Futures Trading in Denmark

Futures are contracts whereby there is an agreement to buy or sell an asset or underlying commodity at a future date. With this contract, there is a buyer and a seller.

The buyer takes a long position (decides to buys) in anticipation of the commodity prices rising, but the seller takes a short position (decides to sells) with the hopes that the commodity prices will go down. A futures contract is mainly used for speculation and hedging purposes.

The main advantage of a futures contract is that it eliminates the risk of losses due to the unpredictable economic and financial situations of the future. There is usually no actual exchange of physical commodities, instead, it is mainly on paper.

A speculator or a trader usually anticipates a certain move in the commodity prices before they can take a stand. There are two main moves; long position and short position. By taking a short position, it implies that the trader foresees a downwards shift in prices. Therefore, they will consider initiating the sale of the asset. The opposite is also true.

How the Futures Operate

Traders in Denmark can use the information present in the DK stock exchange to speculate on the direction the commodity prices are likely to take in the near future.

It is not only the individual traders that are interested in price movements. Individual traders too are not left out. Everyone wants to prevent the inevitable from happening.

Therefore, to start futures trading in Denmark, you will approach a registered futures broker who will then create and maintain an account for you and also guarantee your everyday trades. Your broker will then aid you in executing your trades and also deliver clearance services for you.

 

Types of Futures Contracts

The Denmark market provides you with a variety of futures contracts. Therefore, you have a variety of instruments to enter future contracts with. However, that will depend on your intention for entering the trade; speculative or hedging purposes. The types include the following:

1.      Commodity futures

These are contracts that are entered into with the underlying asset being commodities such as crude oil, natural gas, corn, and wheat. Most of Denmark traders understand and usually participate in such contracts.
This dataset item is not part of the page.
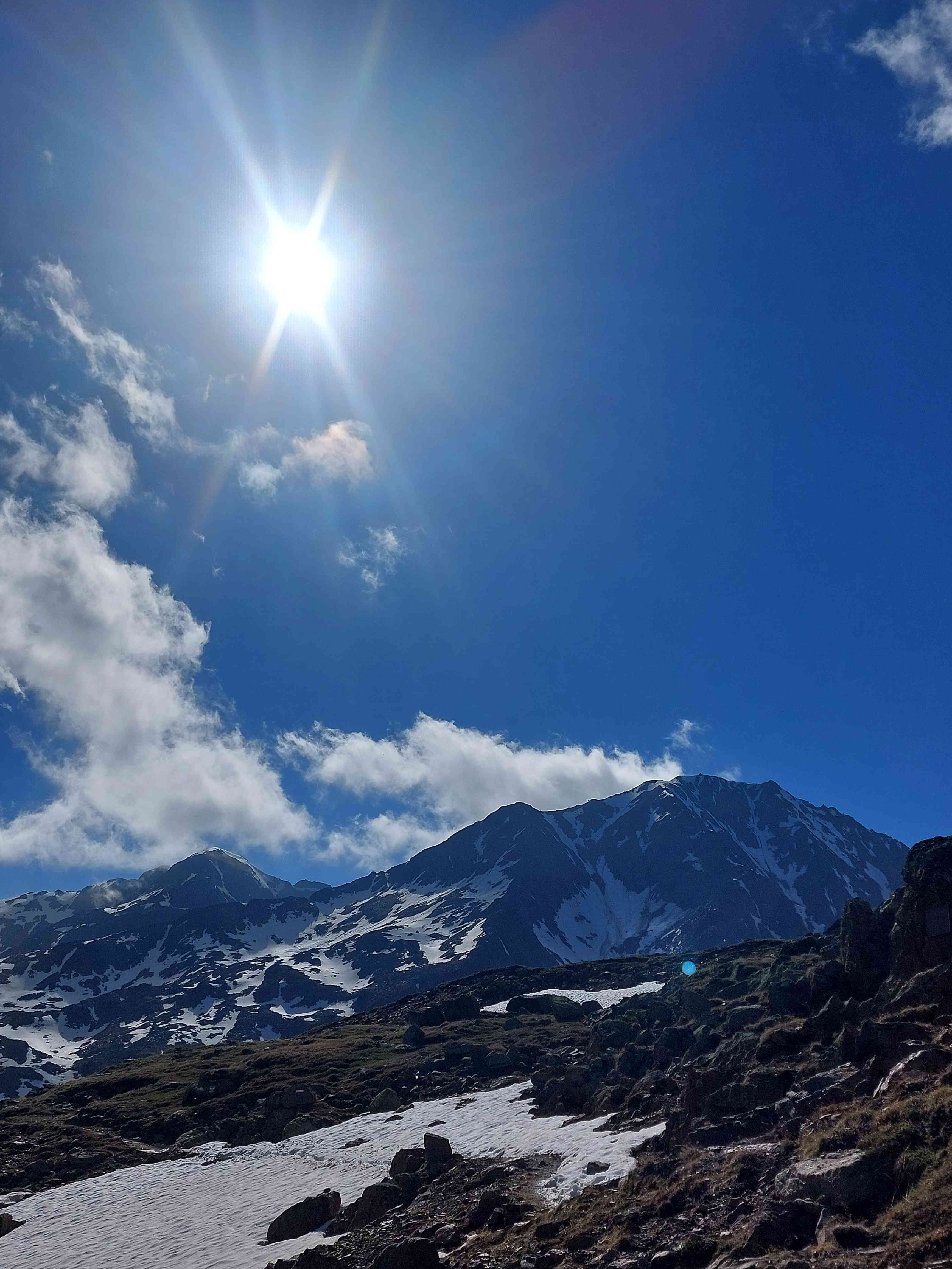 Da es relativ kühl und auch windig war, hielten wir uns am Gipfel nicht allzu lange auf und machten uns zügig an den Abstieg, Susan zog sich sinnigerweise die Spikes über die Schuhe, ich liebäugelte mit den Steigeisen, dumm nur, wenn man vergessen hat diese auf seine Schuhgrösse umzustellen, also musste ich wegen meiner Nachlässigkeit eben ohne Hilfsmittel an den Schuhen wieder runter kommen. Hierzu wählte ich dann gerne einmal Stellen fernab des eigentlichen Wegs und wich auf die südliche Gradseite aus, da hier weniger Schnee lag, der Nachteil war eben, dass dort der Schutt und die Platten etwas schwieriger zu begehen waren, allerdings aufgrund der Verhältnisse sicherlich für mich ohne Steighilfen die bessere Wahl. Der Abstieg zieht sich ebenfalls in die Länge, früh erspäht man im Tal schon die Hochfeilerhütte und die verdiente „Halbe“ hat man schon fest in Gedanken, aber wie gesagt, man muss sie sich schon redlich verdienen, dafür schmeckt es dann gleich umso mehr.

2.      Stock index futures

They include contracts to buy or sell a financial index at a set price now but to be executed at a later date in the future. In Denmark companies’ portfolio managers hedge their equity positions against any losses in stock, by using the index futures. Also, speculators can predict the direction of the market by using index futures.

3.      Currency futures

They are future contracts that have been pegged on a given currency. They include those contracts for the euro and the British pounds.

4.      Precious metal futures

They include contracts that are entered into with the base assets being precious metals like gold and silver.

Pros and Cons of Futures Trading

Pros of futures trading

  1. It can be used to speculate the future price movements of the underlying assets. Hence, the investors can take advantage of the profits that may result from the prices being higher or lower than the contract price, depending on the position undertaken by the investor.
  2. Futures enable companies or traders to hedge their produce from excessive price movements. Therefore, if the prices of the commodities they trade fall below a certain point, they are safe from making losses since their selling price was already locked.
  • The futures contract may only require a fractional deposit of the contract sum with the broker. That way, even if the investor or trader doesn’t have the total contract amount, they are still safe from any price change losses.

Cons of Futures Trading

  1. Futures investors have the risk of losing much more than the original margin sum, the reason being there is the use of leverage when entering the contract.
  2. A company that has committed its finances to a futures contract through hedging could miss out on very lucrative business deals that may arise before the contract period expires.
  • If a loss is to result, then the impact will be extreme. This is to mean that the same way profits are multiplied when incurred, is the same way the losses are amplified.

Conclusion

Futures contracts are very important to business and are lucrative if you are to trade carefully. You assess the market situation given underlying economic situations of the country and the world and come up with the best position to take in the contract; the short or long position. Denmark has provided a conducive marketplace for the futures trade to thrive. The same way proceeds accrue from this trade, is the same way losses result, if the trade was to go in a negative direction.